### Material for the task:
<<<<
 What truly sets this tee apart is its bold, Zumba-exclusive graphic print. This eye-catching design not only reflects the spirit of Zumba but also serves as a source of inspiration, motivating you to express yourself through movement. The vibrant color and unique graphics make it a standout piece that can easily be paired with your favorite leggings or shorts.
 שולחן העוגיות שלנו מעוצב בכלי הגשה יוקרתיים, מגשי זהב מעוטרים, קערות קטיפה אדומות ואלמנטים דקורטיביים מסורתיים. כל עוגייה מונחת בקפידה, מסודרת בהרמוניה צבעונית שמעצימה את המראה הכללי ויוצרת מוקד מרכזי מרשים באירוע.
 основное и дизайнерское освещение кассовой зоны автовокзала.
>>>>
<<<<
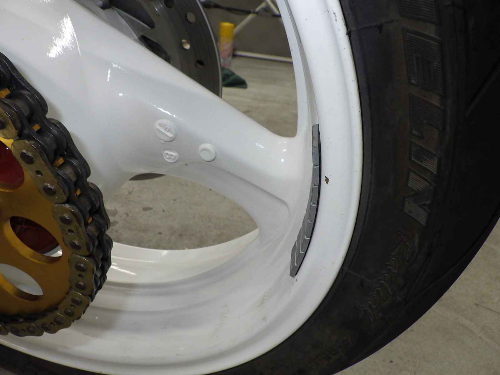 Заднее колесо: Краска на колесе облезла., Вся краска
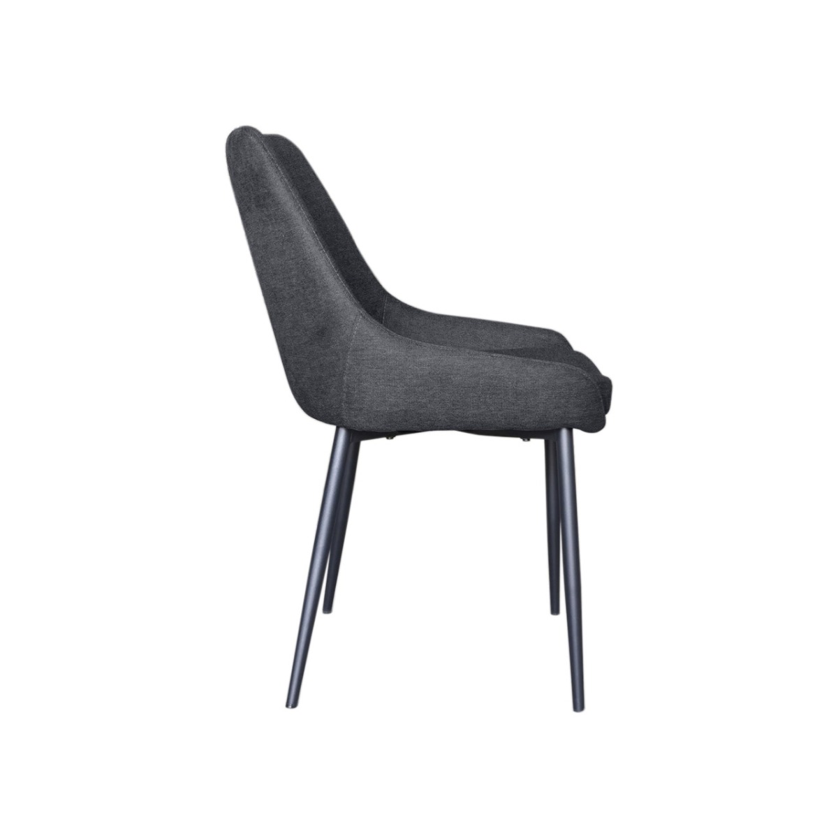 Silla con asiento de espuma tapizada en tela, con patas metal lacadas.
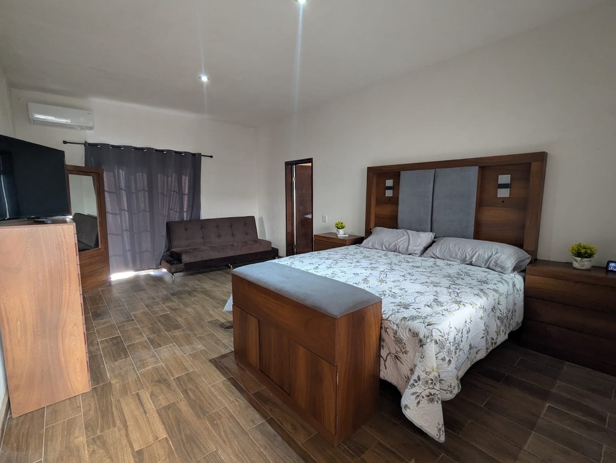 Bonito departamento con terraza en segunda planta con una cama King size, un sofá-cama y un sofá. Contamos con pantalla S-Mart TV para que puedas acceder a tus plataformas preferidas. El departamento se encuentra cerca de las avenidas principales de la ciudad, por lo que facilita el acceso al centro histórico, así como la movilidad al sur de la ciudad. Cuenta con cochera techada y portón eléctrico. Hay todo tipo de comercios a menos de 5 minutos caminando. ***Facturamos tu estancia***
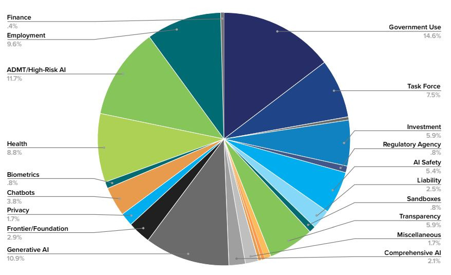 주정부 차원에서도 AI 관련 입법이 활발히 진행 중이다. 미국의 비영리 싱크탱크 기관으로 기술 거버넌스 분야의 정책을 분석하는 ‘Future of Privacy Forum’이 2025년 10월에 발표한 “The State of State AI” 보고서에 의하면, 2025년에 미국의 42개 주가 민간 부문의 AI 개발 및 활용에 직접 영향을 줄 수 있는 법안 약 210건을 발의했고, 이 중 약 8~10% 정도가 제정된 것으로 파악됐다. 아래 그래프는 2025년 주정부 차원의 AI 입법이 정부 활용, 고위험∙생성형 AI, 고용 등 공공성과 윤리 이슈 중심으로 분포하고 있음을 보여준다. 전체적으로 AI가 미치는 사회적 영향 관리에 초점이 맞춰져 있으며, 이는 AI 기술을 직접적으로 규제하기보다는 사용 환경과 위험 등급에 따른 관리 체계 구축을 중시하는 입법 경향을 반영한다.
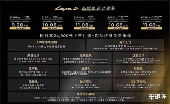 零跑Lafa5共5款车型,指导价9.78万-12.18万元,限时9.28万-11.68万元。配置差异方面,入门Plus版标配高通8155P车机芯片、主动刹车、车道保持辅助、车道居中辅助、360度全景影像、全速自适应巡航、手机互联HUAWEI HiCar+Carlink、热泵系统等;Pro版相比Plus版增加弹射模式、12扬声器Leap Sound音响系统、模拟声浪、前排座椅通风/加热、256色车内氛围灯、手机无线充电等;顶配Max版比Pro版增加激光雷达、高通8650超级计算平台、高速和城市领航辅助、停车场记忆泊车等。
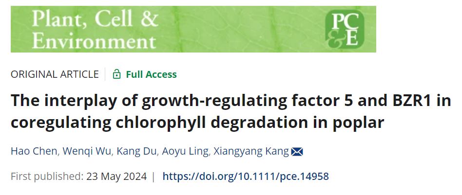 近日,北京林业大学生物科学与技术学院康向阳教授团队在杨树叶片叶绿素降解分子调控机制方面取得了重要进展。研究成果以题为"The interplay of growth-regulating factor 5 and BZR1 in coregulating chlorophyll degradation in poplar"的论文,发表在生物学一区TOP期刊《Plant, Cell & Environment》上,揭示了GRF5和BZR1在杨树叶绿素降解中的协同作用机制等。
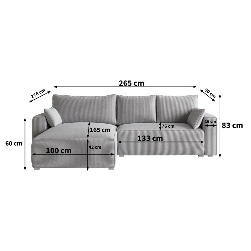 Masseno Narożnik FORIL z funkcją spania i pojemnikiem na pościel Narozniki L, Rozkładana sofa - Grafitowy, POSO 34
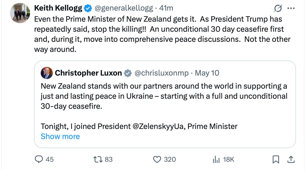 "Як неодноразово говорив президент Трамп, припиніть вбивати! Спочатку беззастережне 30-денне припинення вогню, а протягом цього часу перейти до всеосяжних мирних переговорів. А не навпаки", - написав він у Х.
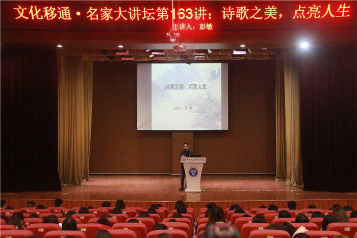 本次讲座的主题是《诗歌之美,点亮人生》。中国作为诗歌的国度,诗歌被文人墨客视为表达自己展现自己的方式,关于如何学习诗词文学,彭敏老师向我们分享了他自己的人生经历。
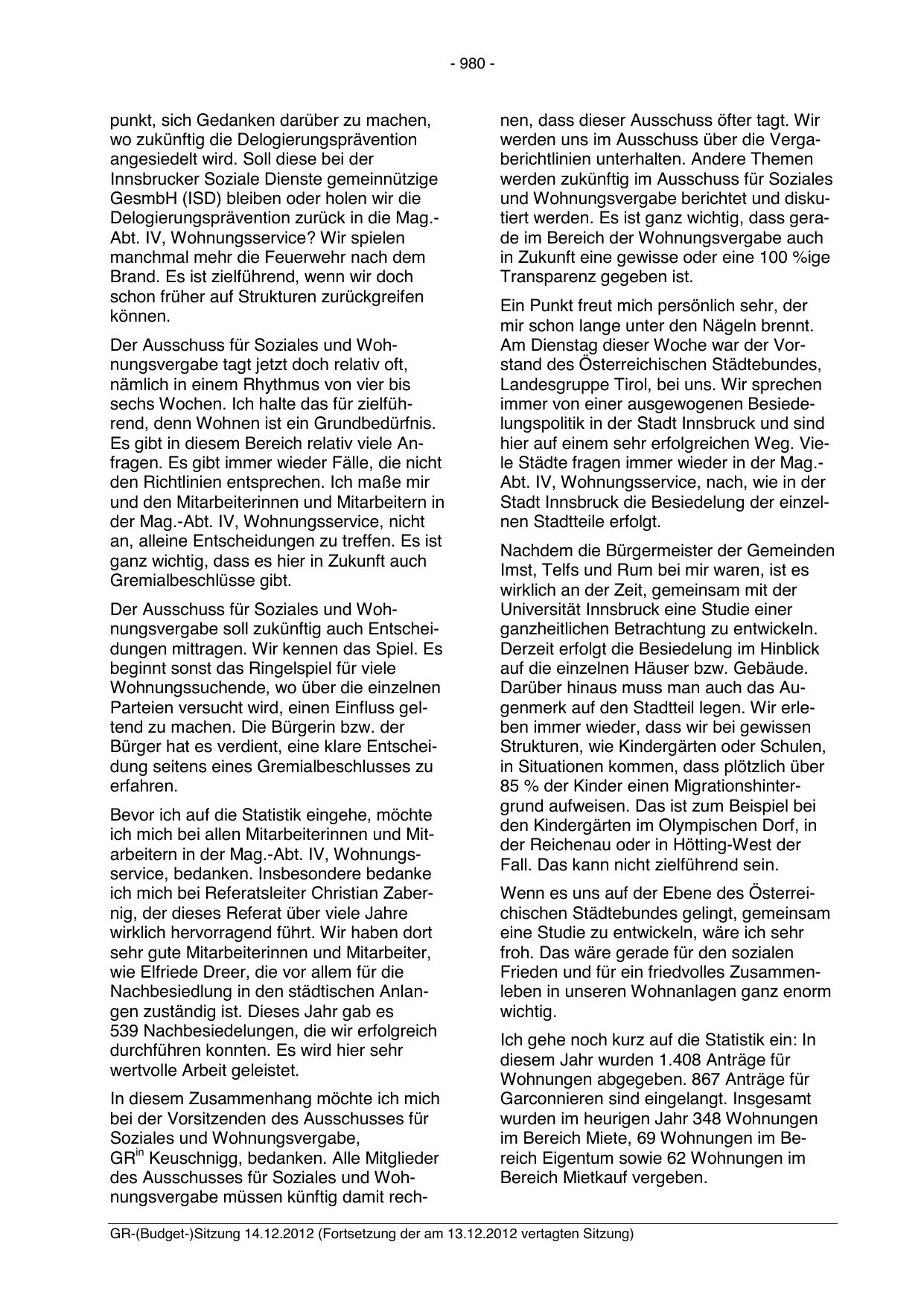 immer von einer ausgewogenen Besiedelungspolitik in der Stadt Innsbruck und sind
>>>>
<<<<
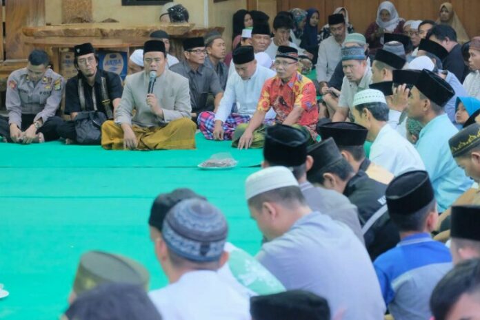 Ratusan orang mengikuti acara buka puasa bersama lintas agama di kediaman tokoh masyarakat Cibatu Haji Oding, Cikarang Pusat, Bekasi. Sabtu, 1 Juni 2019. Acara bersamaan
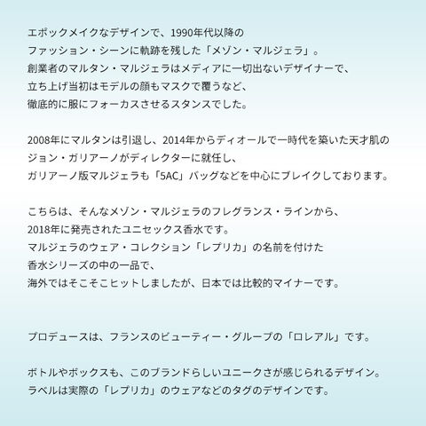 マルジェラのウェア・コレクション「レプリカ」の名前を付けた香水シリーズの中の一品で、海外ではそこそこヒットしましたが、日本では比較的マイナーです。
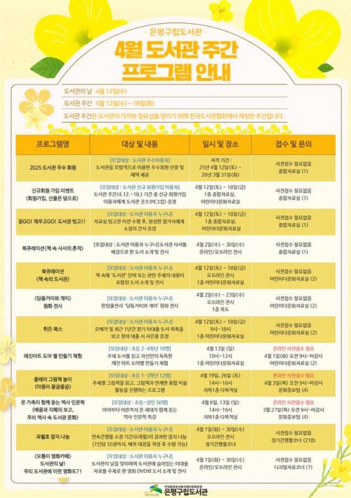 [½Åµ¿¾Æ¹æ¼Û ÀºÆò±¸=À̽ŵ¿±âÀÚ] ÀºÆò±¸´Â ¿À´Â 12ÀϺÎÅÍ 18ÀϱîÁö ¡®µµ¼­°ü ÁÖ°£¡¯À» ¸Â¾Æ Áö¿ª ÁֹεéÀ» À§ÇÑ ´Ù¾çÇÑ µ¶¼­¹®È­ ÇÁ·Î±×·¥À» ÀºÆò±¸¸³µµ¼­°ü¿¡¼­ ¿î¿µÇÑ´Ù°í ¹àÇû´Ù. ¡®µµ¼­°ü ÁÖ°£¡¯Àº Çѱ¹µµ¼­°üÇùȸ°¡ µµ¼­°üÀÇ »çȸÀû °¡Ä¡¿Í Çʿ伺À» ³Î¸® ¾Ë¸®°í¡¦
>>>>
### Work task:
All lines above from the one containing "주정부 차원에서도 AI" up to and including the one containing "本次讲座的主题是《诗歌之美,点亮人生》。" are to be set down exactly, and nothing else. Leave images out.

### Exercise solution:
 주정부 차원에서도 AI 관련 입법이 활발히 진행 중이다. 미국의 비영리 싱크탱크 기관으로 기술 거버넌스 분야의 정책을 분석하는 ‘Future of Privacy Forum’이 2025년 10월에 발표한 “The State of State AI” 보고서에 의하면, 2025년에 미국의 42개 주가 민간 부문의 AI 개발 및 활용에 직접 영향을 줄 수 있는 법안 약 210건을 발의했고, 이 중 약 8~10% 정도가 제정된 것으로 파악됐다. 아래 그래프는 2025년 주정부 차원의 AI 입법이 정부 활용, 고위험∙생성형 AI, 고용 등 공공성과 윤리 이슈 중심으로 분포하고 있음을 보여준다. 전체적으로 AI가 미치는 사회적 영향 관리에 초점이 맞춰져 있으며, 이는 AI 기술을 직접적으로 규제하기보다는 사용 환경과 위험 등급에 따른 관리 체계 구축을 중시하는 입법 경향을 반영한다.
 零跑Lafa5共5款车型,指导价9.78万-12.18万元,限时9.28万-11.68万元。配置差异方面,入门Plus版标配高通8155P车机芯片、主动刹车、车道保持辅助、车道居中辅助、360度全景影像、全速自适应巡航、手机互联HUAWEI HiCar+Carlink、热泵系统等;Pro版相比Plus版增加弹射模式、12扬声器Leap Sound音响系统、模拟声浪、前排座椅通风/加热、256色车内氛围灯、手机无线充电等;顶配Max版比Pro版增加激光雷达、高通8650超级计算平台、高速和城市领航辅助、停车场记忆泊车等。
 近日,北京林业大学生物科学与技术学院康向阳教授团队在杨树叶片叶绿素降解分子调控机制方面取得了重要进展。研究成果以题为"The interplay of growth-regulating factor 5 and BZR1 in coregulating chlorophyll degradation in poplar"的论文,发表在生物学一区TOP期刊《Plant, Cell & Environment》上,揭示了GRF5和BZR1在杨树叶绿素降解中的协同作用机制等。
 Masseno Narożnik FORIL z funkcją spania i pojemnikiem na pościel Narozniki L, Rozkładana sofa - Grafitowy, POSO 34
 "Як неодноразово говорив президент Трамп, припиніть вбивати! Спочатку беззастережне 30-денне припинення вогню, а протягом цього часу перейти до всеосяжних мирних переговорів. А не навпаки", - написав він у Х.
 本次讲座的主题是《诗歌之美,点亮人生》。中国作为诗歌的国度,诗歌被文人墨客视为表达自己展现自己的方式,关于如何学习诗词文学,彭敏老师向我们分享了他自己的人生经历。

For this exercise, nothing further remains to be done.